Groźna komedia
Nie tak dawno utyskiwałem w tym miejscu na teatr telewizyjny, zarzucając mu szablonowość repertuaru i pewną konwencjonalność rozwiązań inscenizacyjnych. Gwoli wszakże sprawiedliwości stwierdzić trzeba, iż coś się w teatrze TV zmienia na ciekawsze. Przykładem może być ostatnie przedstawienie gogolowskiego "Rewizora", w reżyserii Jerzego Gruzy. Przygotowywano ten spektakl długo i starannie, w rezultacie otrzymaliśmy interesujący przekaz sceniczny, wyłamujący się konsekwentnie z dotychczasowej tradycji wystawiania tej popularnej sztuki.

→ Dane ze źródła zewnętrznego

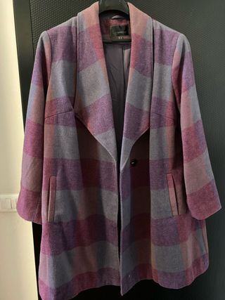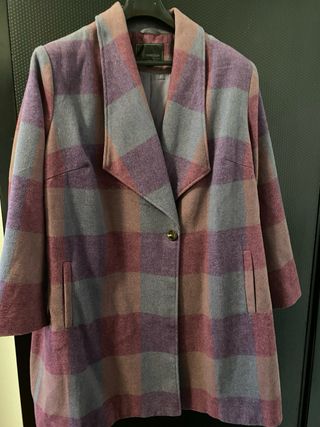 Elegante giaccone da donna foderato con un motivo a quadri. Un capo versatile per completare il tuo guardaroba. - Fantasia a quadri nei toni del grigio del viola e vinaccia - Design con collo ampio e revers. - Tasche applicate sul davanti. - chiusura con un bottone Non ha la cintura Misure Spalle 49 cm Giroseno 140 cm Fianchi 150 cm Lunghezza 97 cm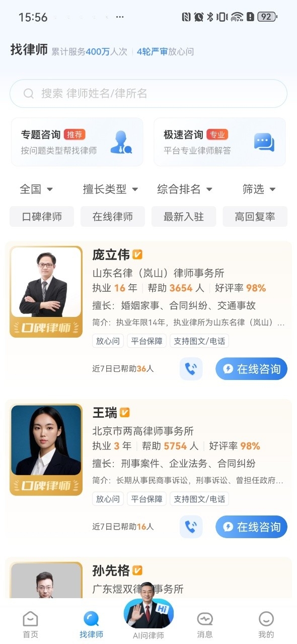 4、也可以选择找律师,大家可以在这里找律师。
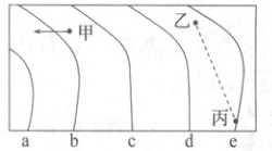 4. C 5. D 第4题,风由高压区吹向低压区。由甲地风向可知,气压值由e到a逐渐减小。乙、丙处等压线向数值较大的方向弯曲(凸高为低),可知从乙到丙气压变化表现为先下降后上升。第5题,甲地风向沿水平气压梯度力方向(垂直等压线,由高压指向低压)向右偏转,与等压线斜交,可知该区域位于北半球近地面。由材料可知,甲、乙两地摩擦力大小不同,乙地风力大于甲地,可知乙地摩擦力小,风向向右偏转角度比甲地更大,作图可以得出乙地风向是东南风。
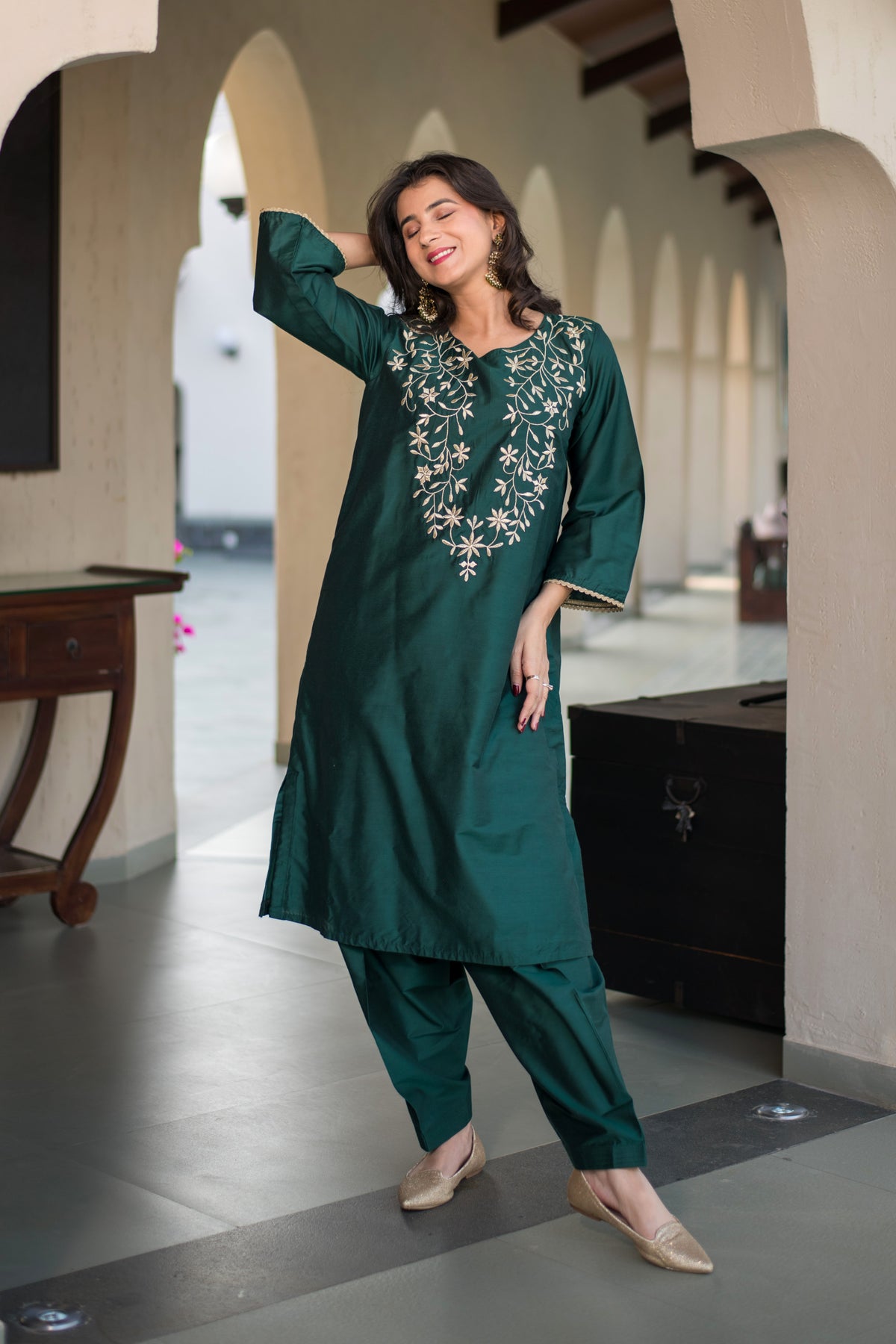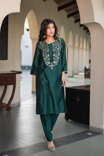 Bottle Green Kurta Embroidery Co-Ord Set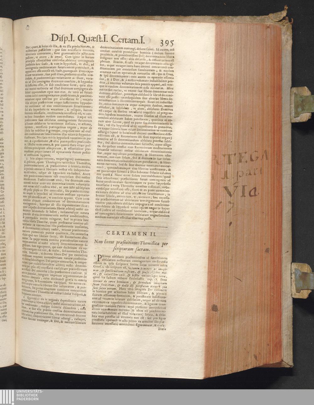 1 (1680) R. P. Christophori De Ortega È Societate Iesu, Quondam Scolasticæ Theologiæ publici Professoris, ac ejusdem Facultatis Præfecti ... Theologia Controversiarum Dogmaticarum, & Scholasticarum, de Divina Essentia, Attributis non vitalibus, de Scientia, & de Decreto concurrendi cum causis liberis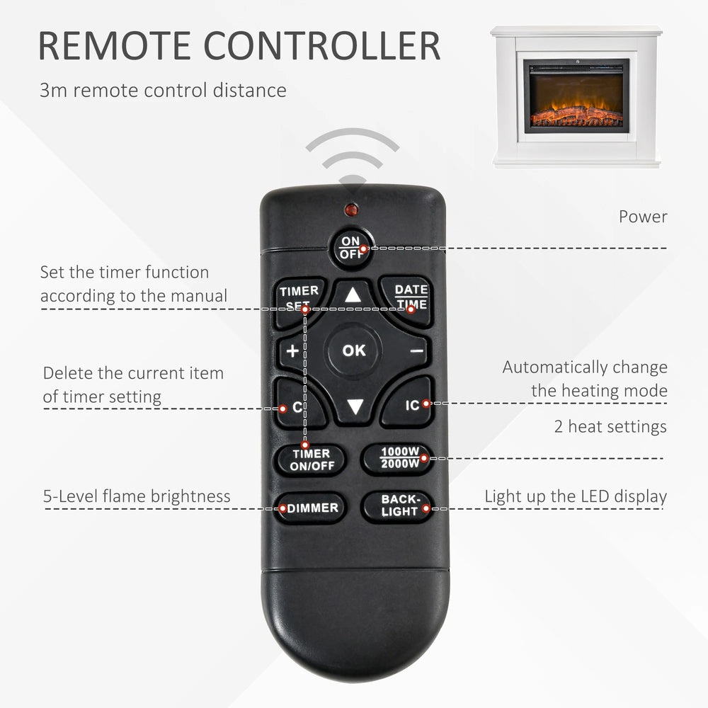 HOMCOM Electric Fireplace Suite with Remote Control, 1kW/2kW Freestanding Fireplace Heater with LED Flame Effect, Overheat Protection, 7-day Programmable Timer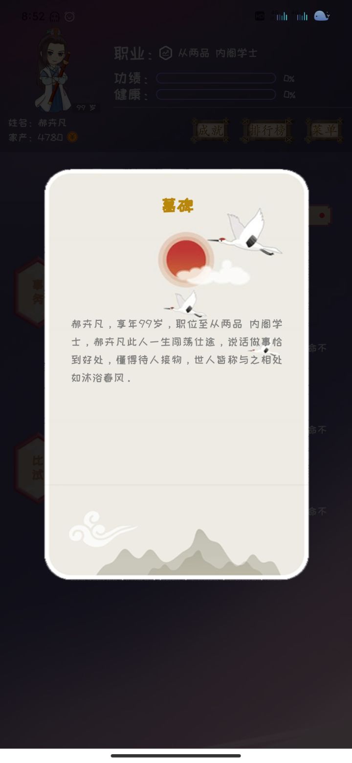 本来财富和官职能刷到最好,财富卡bug60岁左右的时候,8000多的财富清零了就不刷了,然后疯狂下一年最后苟到了99。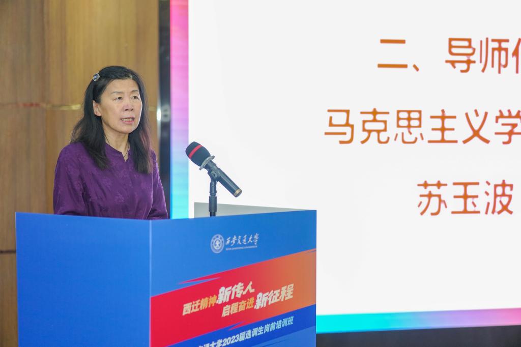 马克思主义主义党委书记、陕西省选调生刘婷婷的导师苏玉波教授代表毕业生导师发言,她希望选调生们增强八项本领,提高七种能力,排除万难,奋勇搏击,让青春之花绽放在祖国最需要的地方。

Gruza przekroczył w "Rewizorze" kuszące zazwyczaj granice farsy, operującej korowodem karykaturalnych postaci, voltami sytuacyjnego komizmu. Ukazał natomiast groźną, drapieżną komedię, w której obnaża się przede wszystkim mechanizmy rządzące światkiem Horodniczego. Bohaterowie tego światka są oczywiście śmieszni, chwilami nawet zabawni, ale nie są to cechy nadrzędne i dominujące. Owa cała śmieszność staje się raczej skutkiem, wynikającym z konkretnych układów, powiązań i zależności, z jakich zbudowana jest rzeczywistość gogolowskiej komedii. One bowiem są przyczyną a nie tłem. Stąd też aktorzy tego spektaklu grali swoje role serio, nie przerysowywali przesadnie postaci. Były one pozornie zwyczajne, dopiero określone sytuacje i zdarzenia ujawniły całą śmieszność ich zachowań i postępowania. Służyły także tej koncepcji ostre cięcia egzemplarza, skróty niekiedy zaskakujące widza, przyzwyczajonego do innych realizacji "Rewizora". W sumie jednak zabieg ten wyznaczał konsekwentnie rytm przedstawienia, czyniąc akcję bardziej skoncentrowaną ograniczoną do najważniejszych, niezbędnych momentów.
Nie bez znaczenia były tu również kreacje aktorskie. Bardzo dobry, nie przeszarżowany Horodniczy Tadeusza Łomnickiego, wyraziście i niebanalnie zarysowana żona Horodniczego Anny Seniuk, ale przede wszystkim Chlestakow Piotra Fronczewskiego. Jego domniemany Rewizor, po raz pierwszy chyba, nie był salonowym, bezmyślnym fircykiem i mógł uchodzić w oczach gubernialnego miasteczka, za rzeczywistego urzędnika carskiej administracji. Na uwagę zasługiwała również rola córki Horodniczego, zagrana przez młodą aktorkę Szczepkowską.
Można by oczywiście mnożyć i rozwijać pochwały, jedno wszakże jest w tym wszystkim najważniejsze. Przy okazji "Rewizora" teatr TV przemówił innym, niekonwencjonalnym językiem, Sięgając po zdawałoby się już tak bardzo ograną, pozycję realizatorzy raz jeszcze uwiarygodnili ponadczasowe wartości wielkiej klasyki.